The doctor and everyone else left the room for us three to be alone for a while. My daughter was crying but she didn’t fully understand the scope or gravity of the situation. She knew her brother was dead, but that’s about it. In a sense, she was lucky not to understand yet. My other half held me so tight as we both cried. Then all three of us were in a tight embrace, I don’t know for how long. When the doctor and nurses came back in, we had somewhat stopped crying already as we discussed what we were going to do to deliver our baby.
Since I was going for a C-section, I told them I would still like to keep it as such. So they all left and started prepping everything including myself. My other half had begun notifying close family members like his mom and dad and I messaged a handful of mine via messenger since I had no immediate family member or close relative that lived nearby.
His mother and father came and they were crying and very heartbroken over what happened. It was a very somber night as I was being prepped for delivery. Around 9:00 p.m. I got wheeled into the operating room and they started the procedure. Our son, Lochlan Elijah, was born that night, May 20 at 9:26 p.m weighing 9.14 pounds and was 22 inches. He looked exactly like me but had his father’s frame. He was absolutely perfect.
I held him for as long as I could once I was able to get a couple hours of sleep. We had pictures taken and we spent as much time as we could with him. But I knew I had to let him go. It was 2 p.m. the following day when we let him leave. It was so hard to know that I couldn’t hold my baby anymore.
I didn’t even get to see his eyes, nor hear his cry. I couldn’t go through the pain when they started talking about funeral arrangements. I said that it is never right when parents talk about the funeral arrangements for their child.
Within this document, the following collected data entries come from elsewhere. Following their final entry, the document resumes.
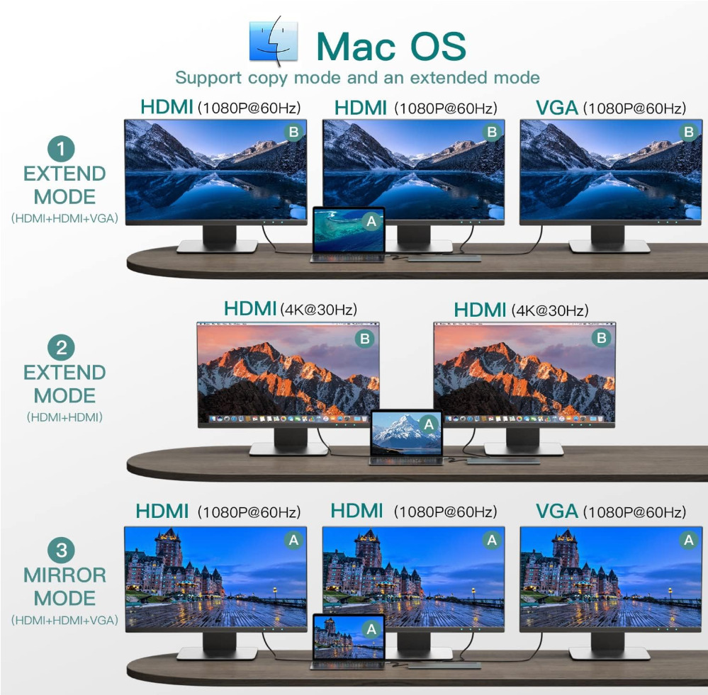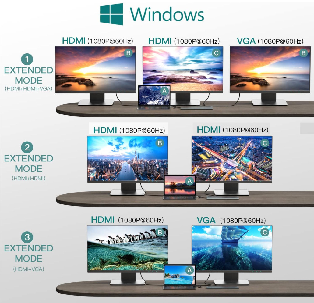 3 Monitor Type C to 4K Dual HDMI+VGA Adapter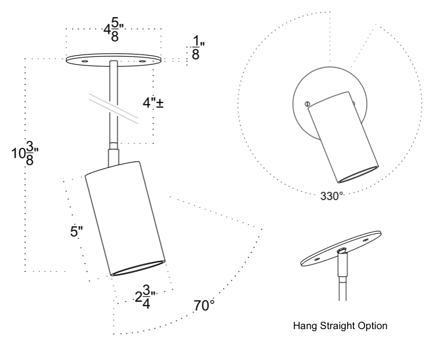 Hang Straight: Additional swivel at backplate end for use on vaulted ceilings. This option allows for the drop rod to hang vertically on a slanted ceiling. Adds 1 7/8” to tip-to-tip length.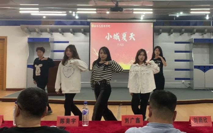 第四项,艺术团节目表演。大会接近尾声,由学院艺术团成员路楠楠等4名同学为在场师生带来舞蹈表演《小城夏天》。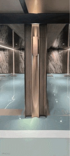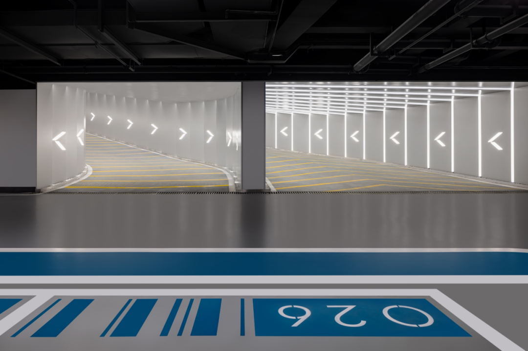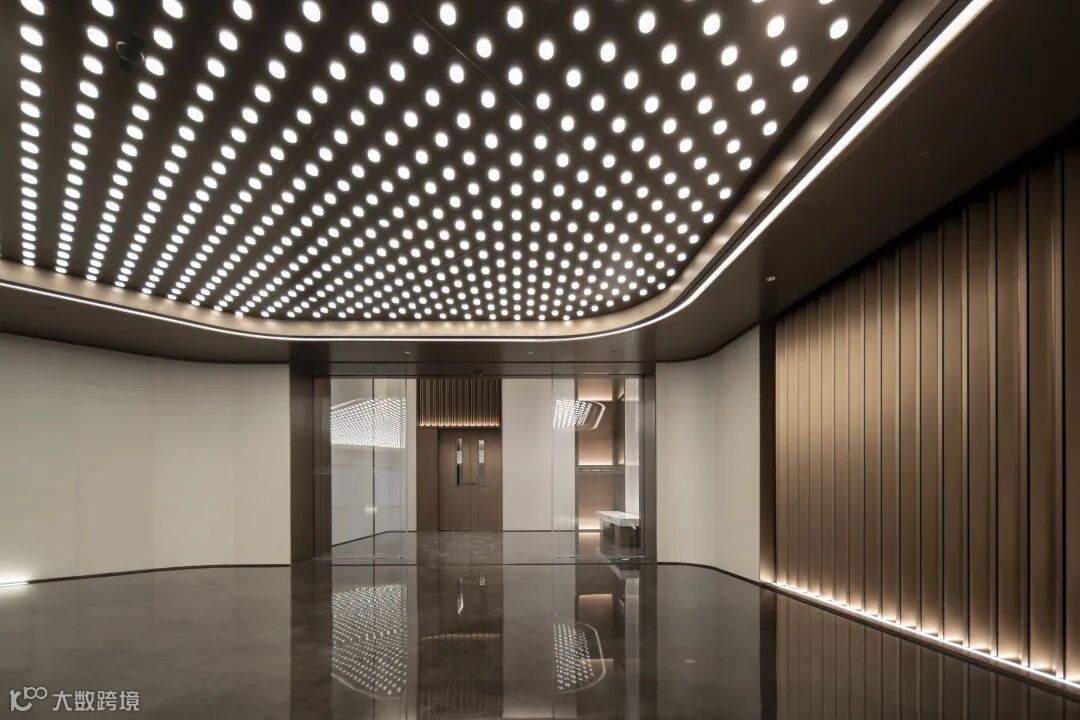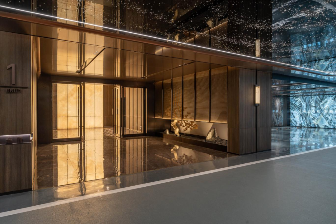 全铝板吊顶、3万颗灯源的星云光纤艺术吊顶、在车库吊顶位置还装饰了黑色镜面不锈钢;木纹饰面结合弧面不锈钢壁灯的柱网,且配置“消隐”消防栓;大面积仿玉石岩板车库背景墙;光面环氧地坪、车道是橘皮环氧地坪、香槟色车挡和地面划线……;与车库无缝衔接的艺术地下过厅;通高、低调奢华的地下大堂和候梯厅……

That it wasn’t how it was supposed to be.
On May 22, late in the afternoon, I requested to be discharged and we went home. It was very hard coming home without our son. My arms felt so, so empty but my heart felt more so – it was beyond words.
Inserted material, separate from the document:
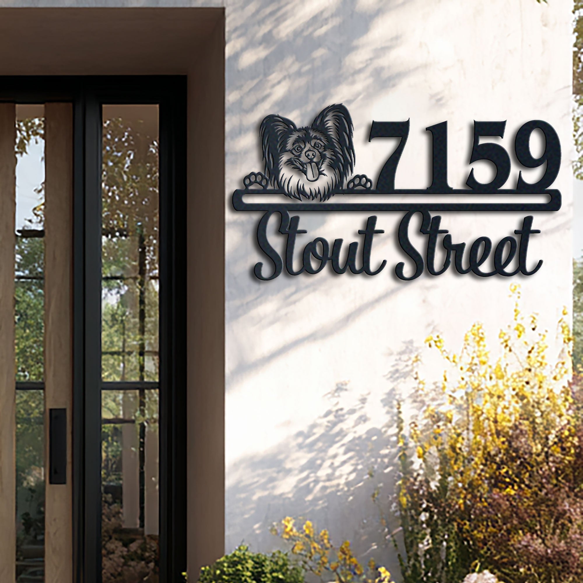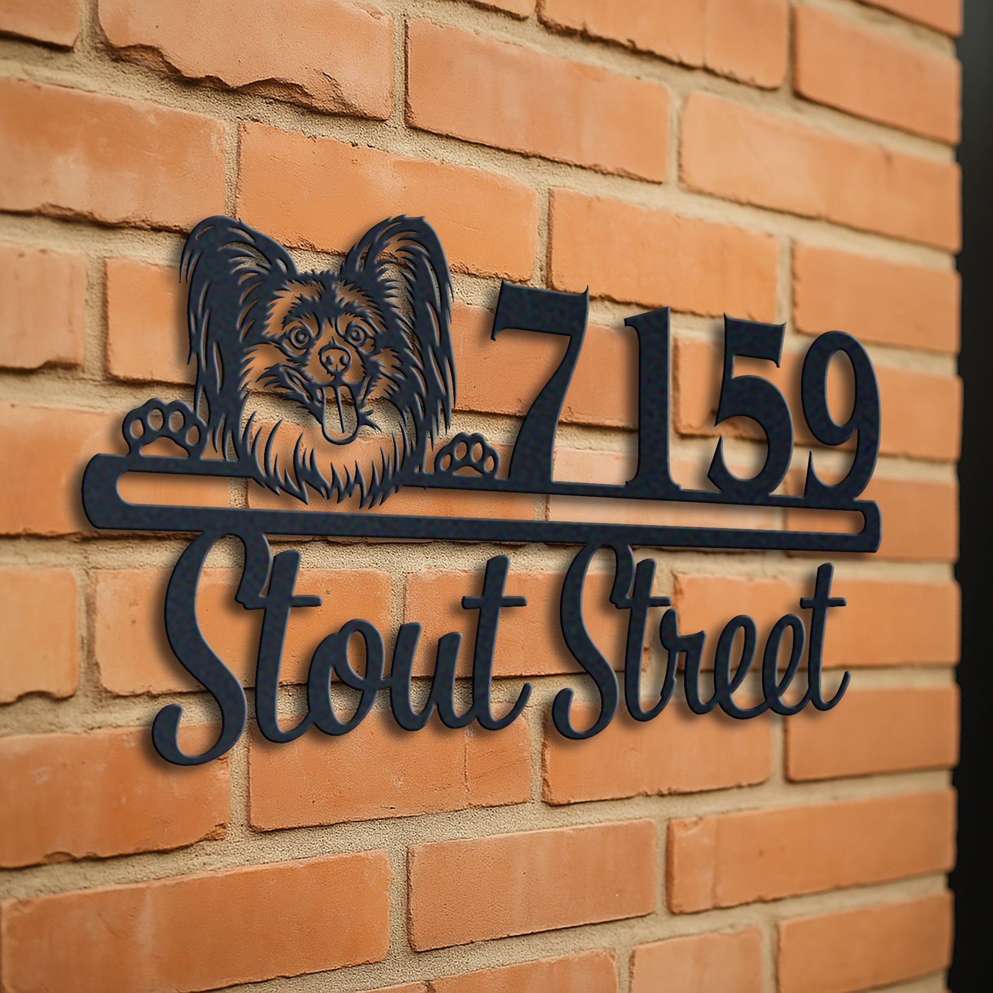 Papilon Address Sign | Personalized Metal House Number Plaque | Dog Lover Gift | Outdoor Decor 1

It has now been 2 months since he passed away but the pain is so fresh still like it was yesterday. I still ask “Why? Why us? Why our son?” I will never know but I do hang on to the Lord and know that my son is loved and happy in heaven. And that beautiful quote, “too beautiful for earth,” I sincerely believe in it. He was spared from all the heartache and ugly things from this world because he didn’t deserve it. He was too beautiful.
Every now and then, it still hurts me a lot to see little kids running around knowing that my son should have been that eventually. I think the pain will always be there, but it gets easier by the day. Hold on to the ones you love, and never turn anyone who cares for you away. They will help keep your sanity. With every day, I accept it a step at a time. I love him so much and will always miss him, but I look forward to the day when I get to hold him again up in heaven.
In sweet loving memory of Lochlan Elijah – our beautiful boy.